__Task requirements__: Would you print only the lines running from the one with "barre de protection" to the final line of the data below, word for word and without pictures?

########################################

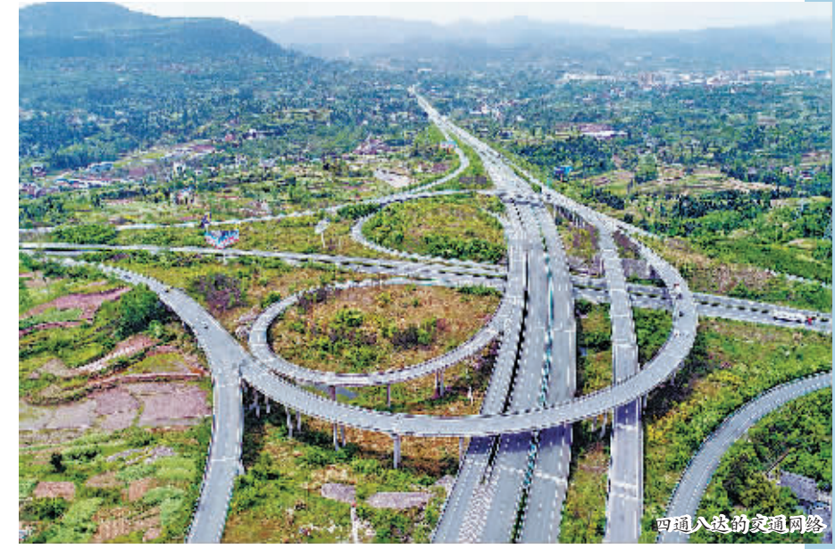
四通八达的交通网络
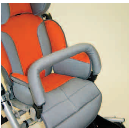
barre de protection
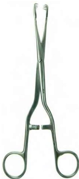
B09341 4x4 garfios, 26cm.
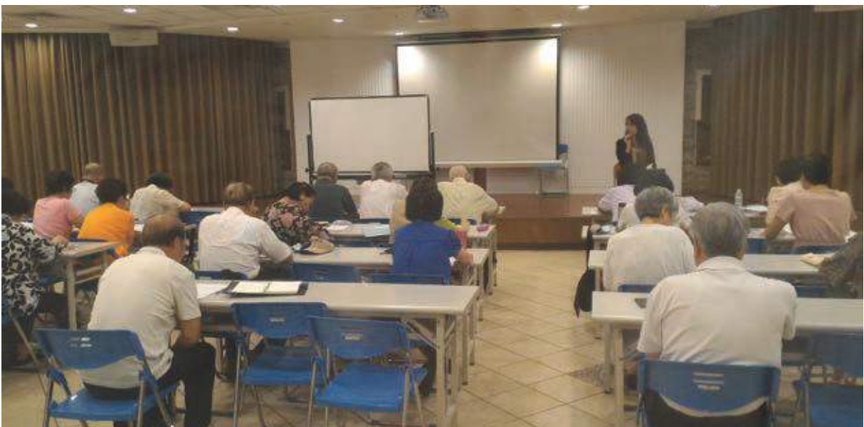
據點內的長輩們正在進行英文歌曲的學習，長輩們精準的發音讓人驚豔。

裡多元的課程內容，例如與社區大學結合的毛線編織課、帶領年長者一同進行的桌上遊戲課、讓長者們盡情發揮的歌唱課程等，其中最令我感興趣的是，帶領據點長輩們一同製作「生命繪本」的課程。
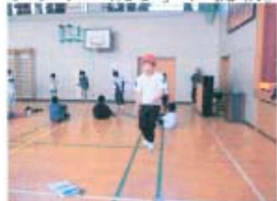
これがデシリットル跳び

4～6年生の個人種目は、「二重跳び」「はやぶさ」「リットル跳び」「デシリットル跳び」に挑戦。長縄は、Fグループの優勝(297回)でした。
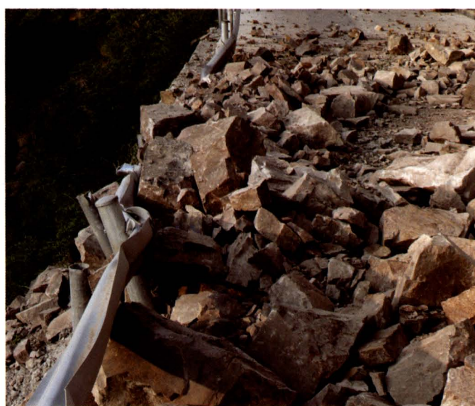
地震造成二南（南江—南郑）路陈家山段断道

########################################

__Written response__:
barre de protection
B09341 4x4 garfios, 26cm.
據點內的長輩們正在進行英文歌曲的學習，長輩們精準的發音讓人驚豔。

裡多元的課程內容，例如與社區大學結合的毛線編織課、帶領年長者一同進行的桌上遊戲課、讓長者們盡情發揮的歌唱課程等，其中最令我感興趣的是，帶領據點長輩們一同製作「生命繪本」的課程。
これがデシリットル跳び

4～6年生の個人種目は、「二重跳び」「はやぶさ」「リットル跳び」「デシリットル跳び」に挑戦。長縄は、Fグループの優勝(297回)でした。
地震造成二南（南江—南郑）路陈家山段断道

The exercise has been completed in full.